The Fair Value Gap (FVG) block detects imbalance zones — areas where price moved so aggressively that it left a gap between candle bodies. These gaps represent inefficiency in price delivery, and the market often returns to 'fill' them.
Why It Matters
Fair value gaps reveal where price moved too fast, leaving behind an area where not enough trading took place. Markets tend to revisit these zones to rebalance. This makes FVGs excellent areas to look for entries, especially when price pulls back into them.
How to Use It
- 1Drag the Fair Value Gap block onto your canvas
- 2Set the direction — bullish FVG (gap below price) or bearish FVG (gap above price)
- 3Configure mitigation status and lookback
- 4Connect it to a Wait or Logic block
Settings Explained
Direction — Whether to look for bullish FVGs (gaps left behind during upward moves, acting as support) or bearish FVGs (gaps from downward moves, acting as resistance).

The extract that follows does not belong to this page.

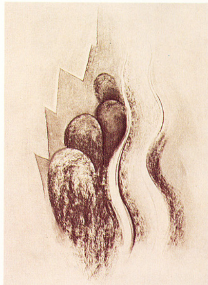
▽喬琪亞·奧姬芙：素描 13 號

古的永恆，很難不從這對照的意象中捕捉到一些處理過程正在醞釀之中，它是超越單純形式及事實之外的。這點從她畫花的作品觀之，尤為真實；那些放大的特寫，填充了

Mitigation Status — Whether the gap has been filled by price returning to it. 'Unmitigated' gaps haven't been revisited. 'Mitigated' gaps have been partially or fully filled. Unmitigated gaps are generally considered higher-probability zones.
Look Back Mode — How far back to search for fair value gaps. Recent gaps are more relevant, but older unfilled gaps can still produce reactions.
Example Use Case
You build a pullback strategy that waits for price to create a bullish FVG during a strong upward move, then enters long when price retraces back into the gap zone. The expectation is that the gap will act as support.
FVGs that form during high-volume sessions (London, New York) tend to be more significant. Combine with session-based filtering for better results.